• About this task
Please copy out the full listing that follows exactly; no picture belongs in the copy.

• Provided data
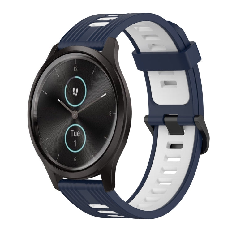 Compatible with Garmin Vivomove 20mm Vertical Pattern Two-Color Silicone Watch Band(Dark Blue+White)
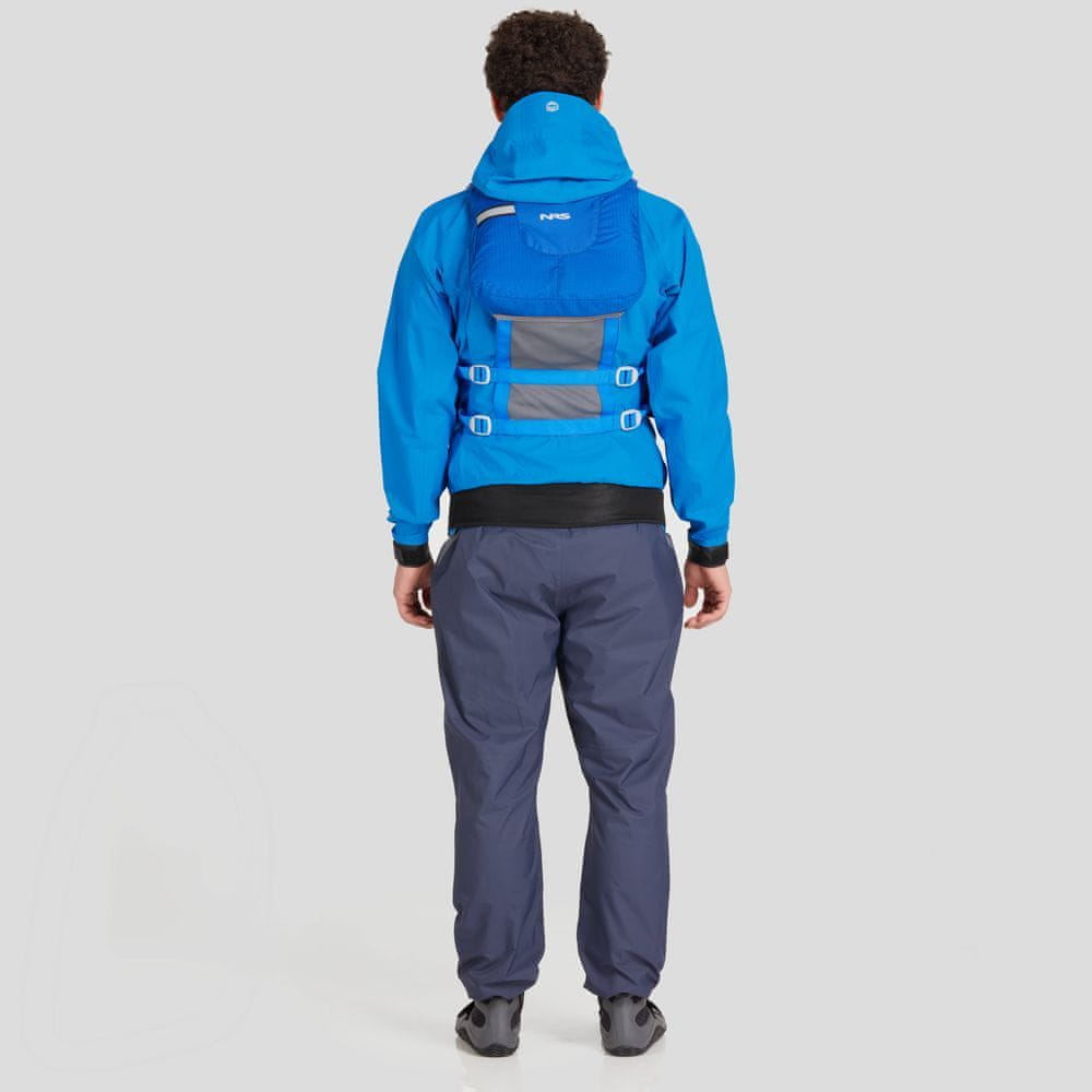 NRS Tor Splash Jacket je tehnička muška jakna namijenjena zahtjevnim vodenim sportovima poput kajaka, raftinga ili SUP-a. Izrađena je od 2,5-slojnog HyproTex™ materijala, lagana je, vodootporna i prozračna te omogućuje slobodu pokreta u svim vremenskim uvjetima. Podesiva kapuljača i neoprenski pojas s dvostrukim čičak-zatvaranjem pomažu da ostanete suhi i u najgrubljim uvjetima.
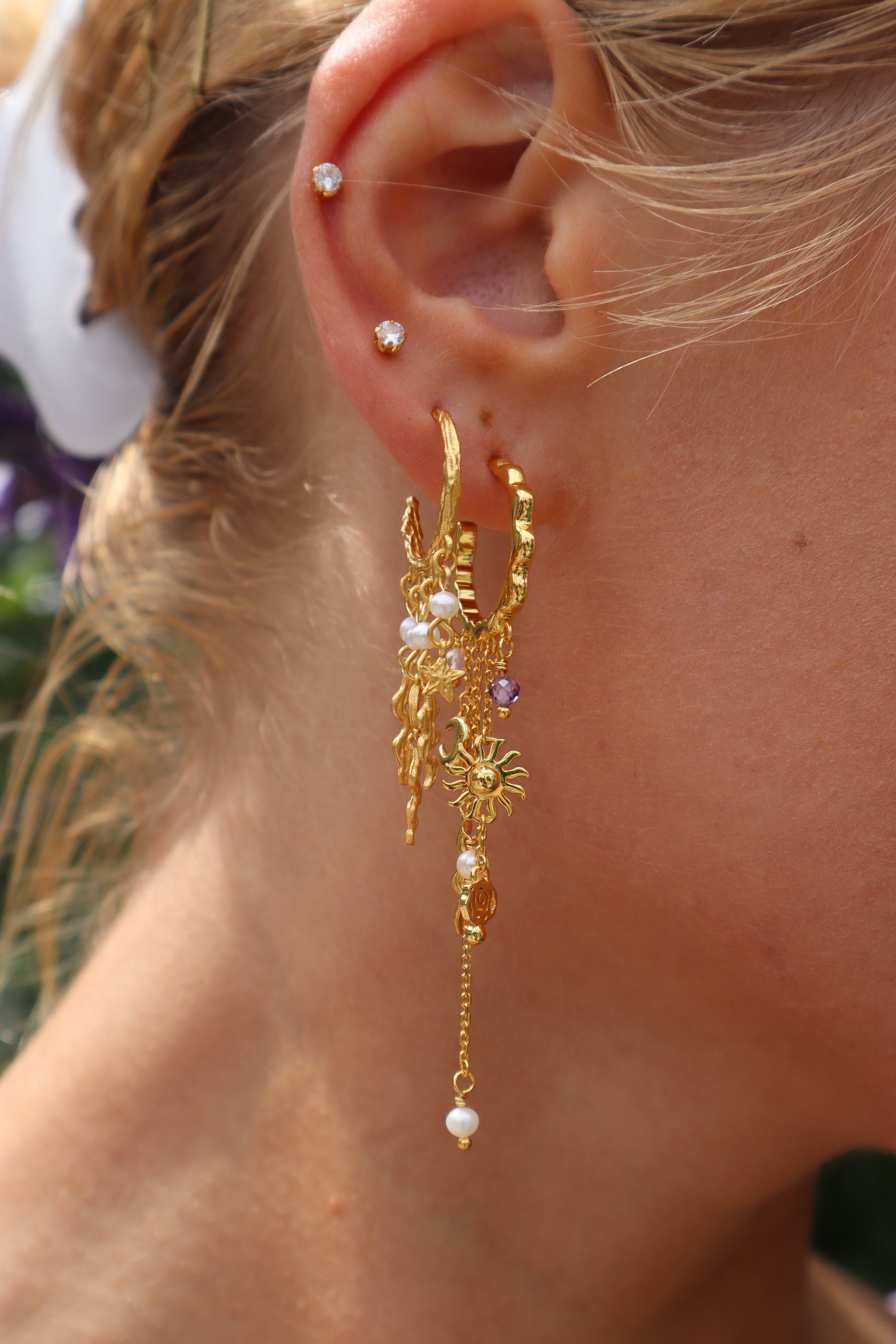 Med en längd på 7,3 cm pryder de dina öron med elegans och rörelse. Örhängena är tillverkade av äkta silver, pläterade med 24 karats guld, och dekorerade med sötvattenspärlor för en unik och sofistikerad look.

• Answer below
 Compatible with Garmin Vivomove 20mm Vertical Pattern Two-Color Silicone Watch Band(Dark Blue+White)
 NRS Tor Splash Jacket je tehnička muška jakna namijenjena zahtjevnim vodenim sportovima poput kajaka, raftinga ili SUP-a. Izrađena je od 2,5-slojnog HyproTex™ materijala, lagana je, vodootporna i prozračna te omogućuje slobodu pokreta u svim vremenskim uvjetima. Podesiva kapuljača i neoprenski pojas s dvostrukim čičak-zatvaranjem pomažu da ostanete suhi i u najgrubljim uvjetima.
 Med en längd på 7,3 cm pryder de dina öron med elegans och rörelse. Örhängena är tillverkade av äkta silver, pläterade med 24 karats guld, och dekorerade med sötvattenspärlor för en unik och sofistikerad look.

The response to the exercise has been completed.